1. 常規情況
基礎知識:
- 考慮到模型輸出位置量化損失對模型精度的影響較大,工具鏈推薦模型以 linear/conv 結尾,此時支持高精度 int32 輸出(在 quantized.onnx 中,轉定點為 int32,在前面 calib+qat 階段都是 float32),這幾乎可以做到無損。
- 征程 6 工具鏈量化 setter 模板支持自動設置高精度輸出,前提是 conv 輸出直接 接 dequant,不作為其他 node 的輸入。
輸出位置結構示意圖:
全流程代碼如下:
import torch
from horizon_plugin_pytorch import set_march, March
set_march(March.NASH_M)
from horizon_plugin_pytorch.quantization import prepare, set_fake_quantize, FakeQuantState
from horizon_plugin_pytorch.quantization import QuantStub
from horizon_plugin_pytorch.quantization.hbdk4 import export
from horizon_plugin_pytorch.quantization.qconfig_template import (
calibration_8bit_weight_16bit_act_qconfig_setter,
qat_8bit_weight_16bit_fixed_act_qconfig_setter,
default_calibration_qconfig_setter,
ModuleNameQconfigSetter
)
from horizon_plugin_pytorch.quantization.qconfig import get_qconfig, MSEObserver, MinMaxObserver
from horizon_plugin_pytorch.dtype import qint8, qint16
from torch.quantization import DeQuantStub
import torch.nn as nn
from horizon_plugin_pytorch.quantization import hbdk4 as hb4
from hbdk4.compiler import convert, save, hbm_perf, visualize, compile
import torch
import torch.nn as nn
# 定義網絡結構
class SmallModel(nn.Module):
def __init__(self):
super(SmallModel, self).__init__()
# 第一個 Linear: 輸入 [2, 100, 256] -> 輸出 [2, 100, 256]
self.linear1 = nn.Linear(256, 256)
self.layernorm = nn.LayerNorm(256) # 對最後一維進行歸一化
self.relu = nn.ReLU()
# 第二個 Linear: 輸入 [2, 100, 256] -> 輸出 [2, 100, 60]
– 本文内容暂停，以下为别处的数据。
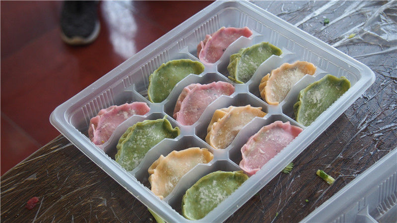 12月10日上午,工作人员用心挑选的新鲜食材已经准备就绪,清早刚打好的肉馅儿带着油脂特有的质感,在灯光下饱满润泽;水灵灵的芹菜绿油油的茎叶,一股子娇俏模样。在工作人员的引导下,村民们有序进场,捋起衣袖,大展拳脚!大家伙儿纷纷拿起芹菜、剪刀、塑料盆,干脆利落的开始择菜、洗菜,这些食材在村民们的超高“战斗力”面前不值一提,不到十分钟,全部都被理净,整齐地码好。
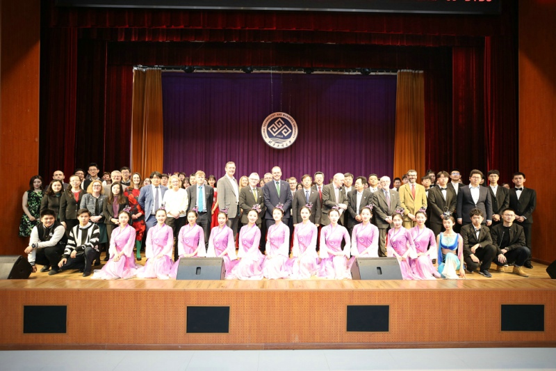 3月17日正值爱尔兰国庆日,来自我校的学生艺术团和来自爱尔兰的乐团在阜成路校区东区礼堂共同进行了“北工商爱尔兰日”交流演出。来自北工商的500多名学生代表和80多名留学生代表一同观看了演出。会谈结束后,在孙宝国校长和贾英民副校长的陪同下,部长代表团一行前往礼堂参加了此次活动。孙宝国校长、麦克休部长和谢百成校长分别在活动上致辞。
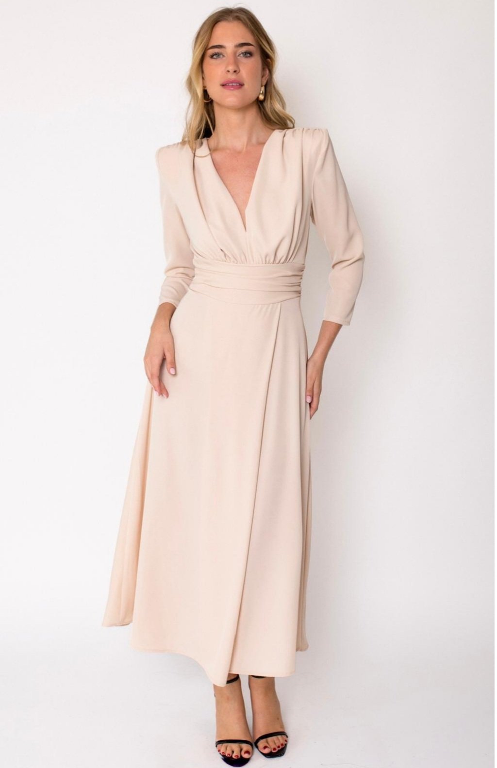 Para Boda de Día (Toque de Color): Este tono arena es el lienzo en blanco definitivo. Añade unos zapatos y un bolso en buganvilla, esmeralda, ocre o rojo oscuro para un contraste vibrante e impactante.
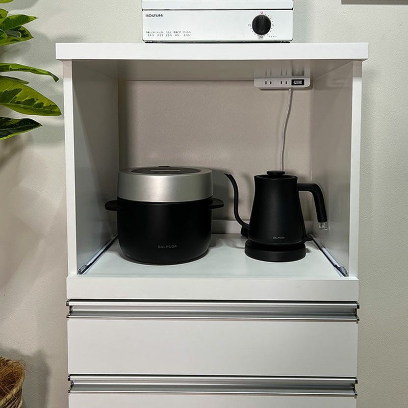 炊飯器やポットなど、使用時に蒸気が出る家電も、手前に引き出すことで熱や湿気を逃がしやすくなり、家具へのダメージを軽減します。
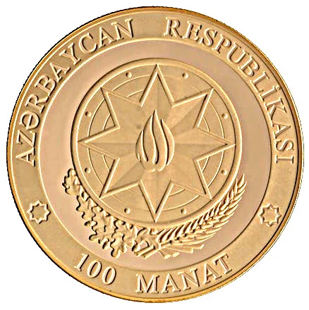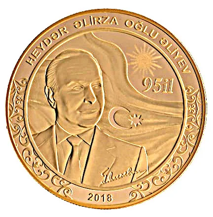 A portrait of Heydar Aliyev before the Azerbaijani flag, with the sun shining above.
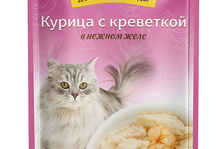 Деревенские лакомства пауч для кошек (кусочки в нежном желе) Курица и креветки доставка
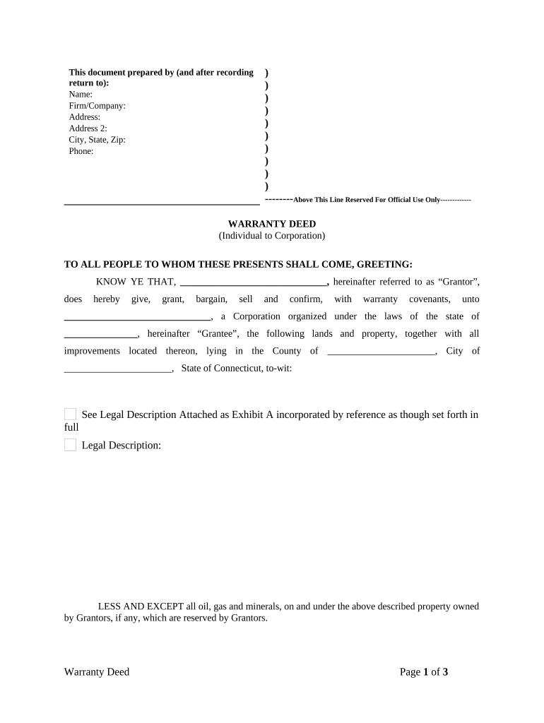 This Warranty Deed from Individual to Corporation form is a Warranty Deed where the grantor is an individual and the grantee is a corporation. Grantor conveys and warrants the described property to
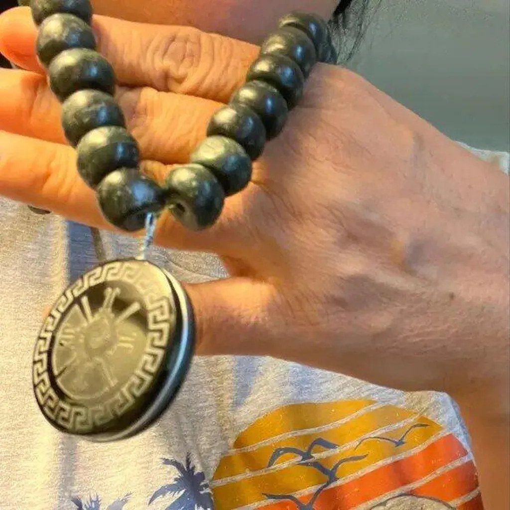 Hunab ku Obsidian Anhänger Maya Jade Perlen Halskette Guatemaltekind mexikanischer Maya -Schmuck
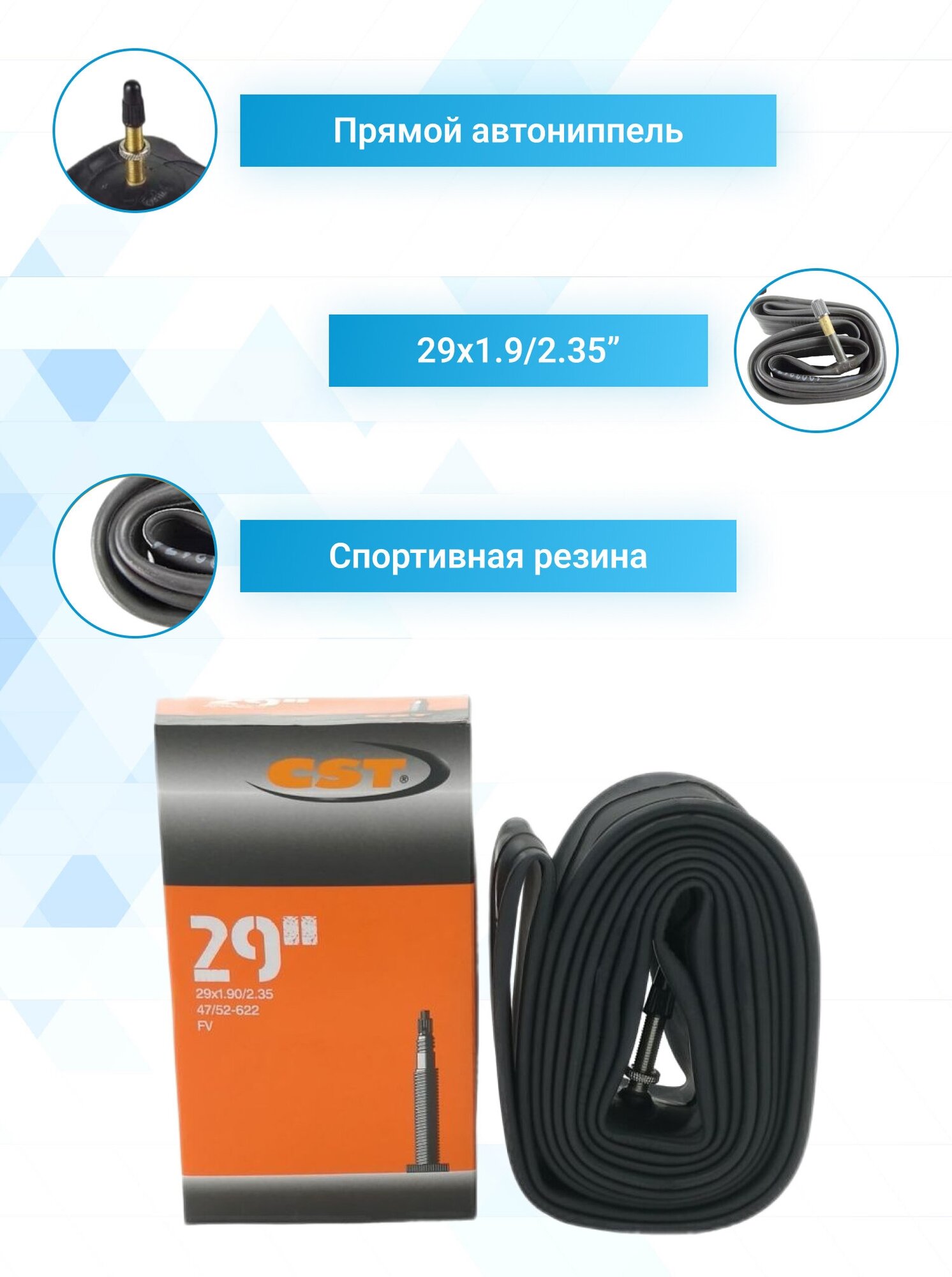 Purpose: city, mountain MTB, BMX; set: no; Detailed equipment: Camera 29" CST Schrader 29x1.9 on 2.35 Schrader 48mm, IB97811200 - 1 pc.
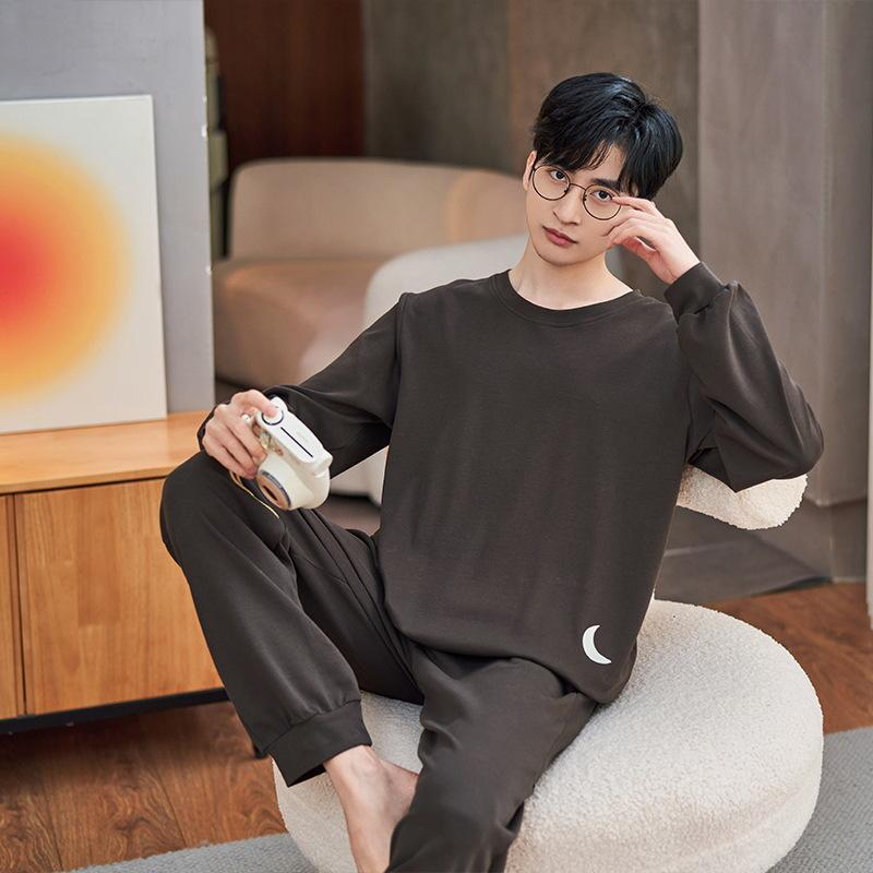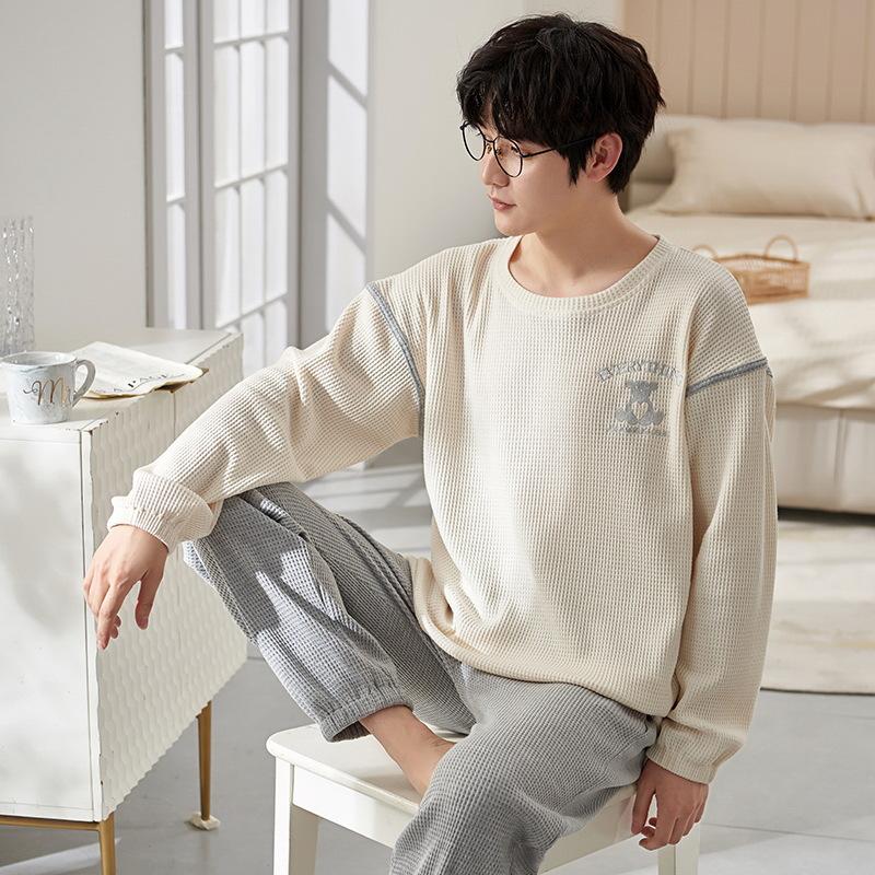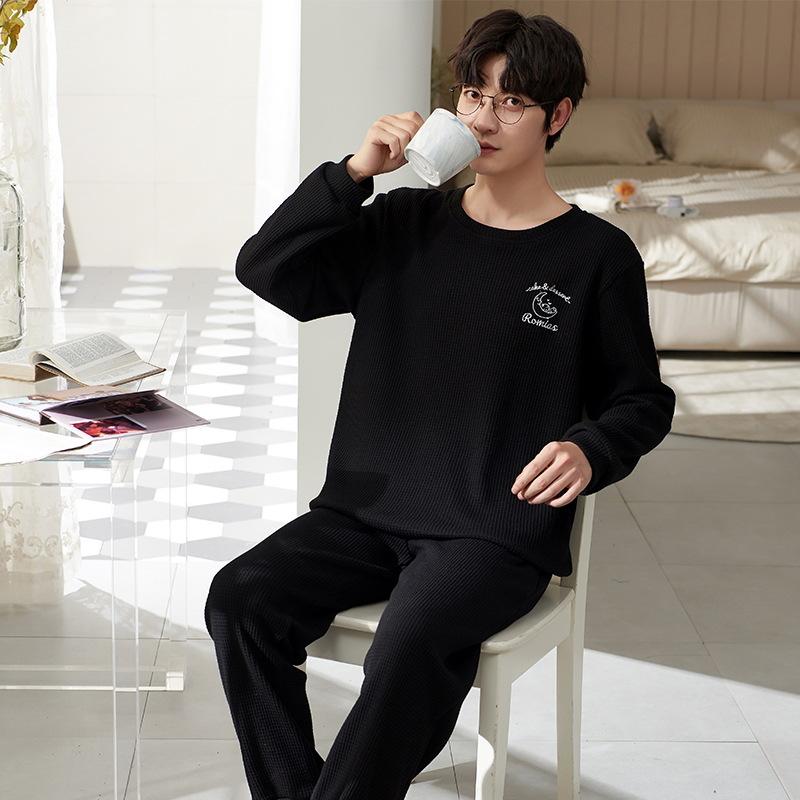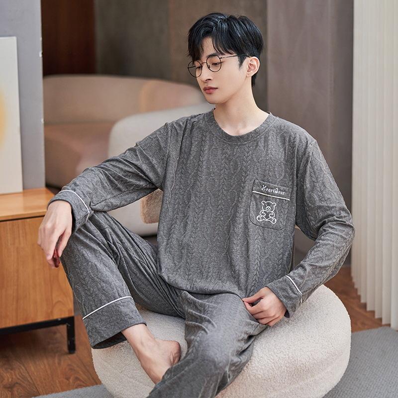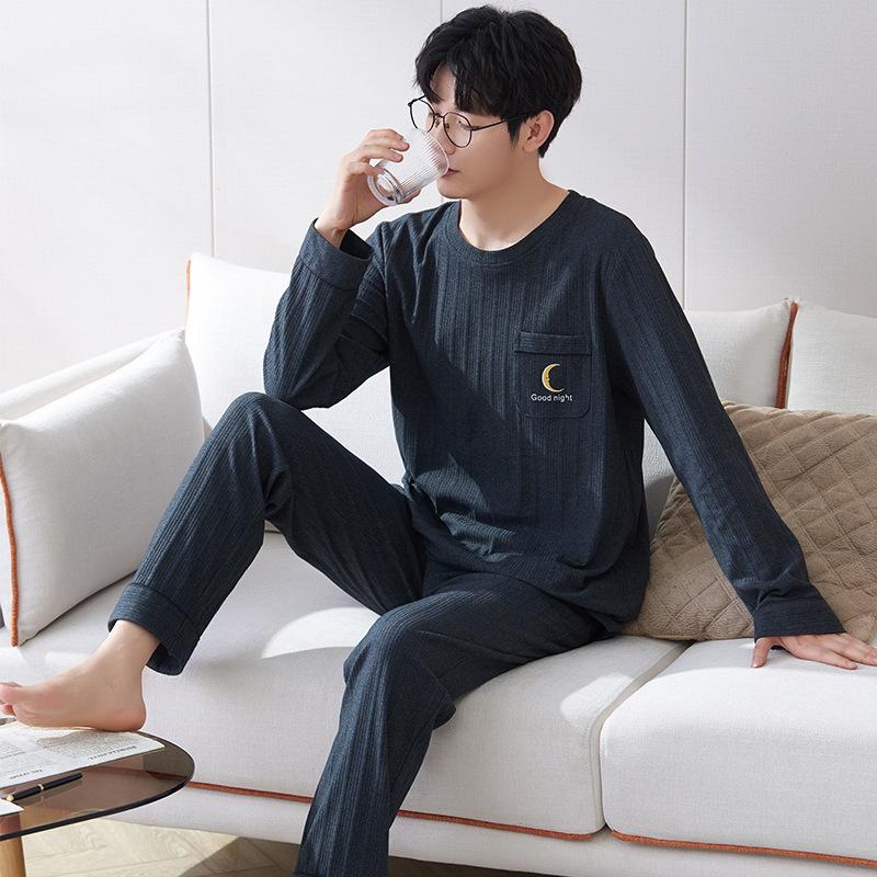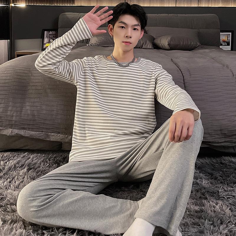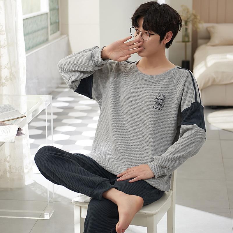 Хлопок Осень Тонкий Мужской Пижамный Комплект Длинный Пижамный Топ Брюки Пижамный Костюм Мужской Домашний Костюм Домашняя Одежда Повседневная Пижама

self.linear2 = nn.Linear(256, 60)
# 第三個 Linear: 輸入 [2, 100, 60] -> 輸出 [2, 100, 60]
self.linear3 = nn.Linear(60, 60)
self.quant = QuantStub()
self.dequant = DeQuantStub()
def forward(self, x):
x = self.quant(x)
# 第一個 Linear
x = self.linear1(x) # [2, 100, 256]
x = self.layernorm(x) # [2, 100, 256]
x = self.relu(x) # [2, 100, 256]
# 第二個 Linear
y = self.linear2(x) # [2, 100, 60]
# 第三個 Linear
z = self.linear3(y)
z = self.dequant(z)
return z
# 設置隨機種子,保證每次生成的數據相同
torch.manual_seed(42)
example_input = torch.randn(2, 100, 256)
model = SmallModel()
# 前向傳播
output_x = model(example_input)
print("輸入形狀:", example_input.shape)
print("輸出形狀:", output_x.shape)
# A global march indicating the target hardware version must be setted before prepare qat.
set_march(March.NASH_M)
calib_model = prepare(model.eval(), example_input,
qconfig_setter=(
default_calibration_qconfig_setter,
),
)
calib_model.eval()
set_fake_quantize(calib_model, FakeQuantState.CALIBRATION)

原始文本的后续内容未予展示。